Friday, July 22, 2011


Home is a place of residence or refuge. When it refers to a building, it is usually a place in which an individual or a family can rest and store personal property. Most modern-day households contain sanitary facilities and a means of preparing food. Animals have their own homes as well, either living in the wild or shared with humans in a domesticated environment. "Home" is also used to refer to the geographical area (whether it be a suburb, town, city or country) in which a person grew up or feels they belong, or it can refer to the native habitat of a wild animal. Sometimes, as an alternative to the definition of "home" as a physical locale ("Home is where you hang your hat"), home may be perceived to have no physical location—instead, home may relate instead to a mental or emotional state of refuge or comfort. Popular sayings along these lines are "Home is where the heart is" or "You can never go home again".
There are cultures in which members lack permanent homes, such as with nomadic people.

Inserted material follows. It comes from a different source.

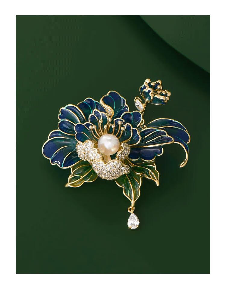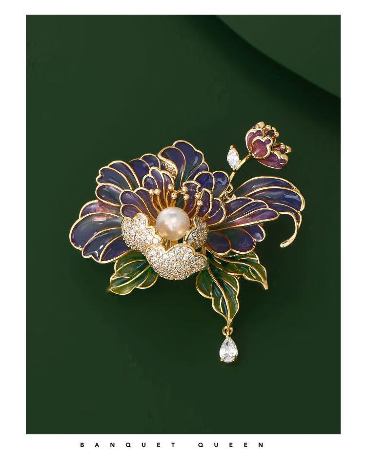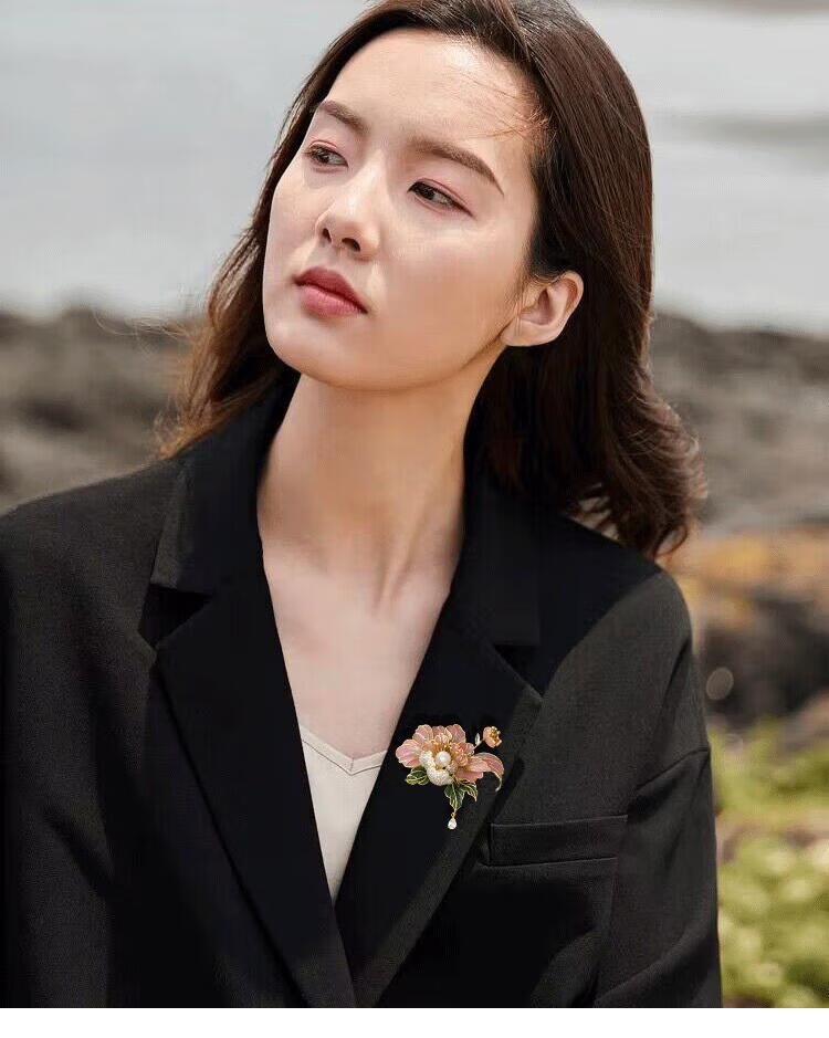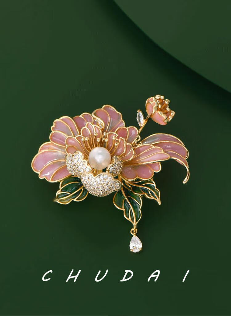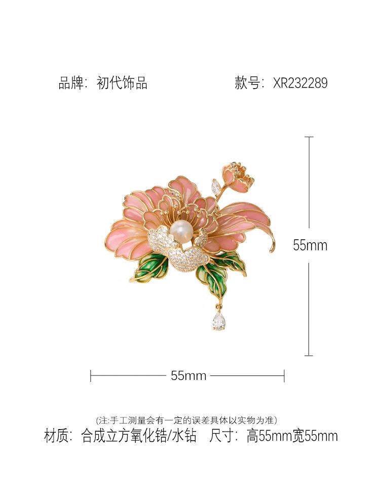 YIBIY classical pink peony flower brooch high-end women's fashion high-end national trend accessories suit coat decorated exquisite trend pink

The word "home" can be used for various types of residential community institutions in which people can live, such as nursing homes, group homes (orphanages for children, retirement homes for seniors, prisons for criminals, treatment facilities, etc.), and foster homes.
In computer terminology, a 'home' may refer to a starting view that branches off into other tasks, e.g. a homepage or a desktop. In a full screen editor, home is often used to mean the top-leftmost character cell, or the leftmost cell on a line in a line editor. These are the initial ones used by left-to-right languages. A standard 101-key PC keyboard contains a Home key. Many home pages on the internet start with introductory information, recent news or events, and links to subpages. "Home" may also refer to a home directory which contains the personal files of a given user of the computer system.

Psychological impact
Since it can be said that humans are generally creatures of habit, the state of a person's home has been known to physiologically influence their behavior, emotions, and overall mental health. The loss of a home (due to whatever reason, be it through accident or natural disaster, repossession, or in the case of children simply the decision to move on the part of the parents) can be a valid cause of grief.
Further information: Relocation (personal)
Some people may become homesick when they leave their home over an extended period of time. Sometimes homesickness can cause a person to feel actual symptoms of illness.
It has been argued that psychologically "The strongest sense of home commonly coincides geographically with a dwelling. Usually the sense of home attenuates as one moves away from that point, but it does not do so in a fixed or regular way. Furthermore, places like homes can trigger self-reflection, thoughts about who one is or used to be or who one might become. These types of reflections also occur in places where there is a collective historical identity, such as Gettysburg or Ground Zero.
In the past the mother was the person who ran the household. The house was a place for women's work more than anywhere else. However, in the modern sense, these duties are now shared between mother and father. In Western countries, the home has become a place for more equality in duties, the roles are shared and the burden of maintaining the household is a shared family responsibility.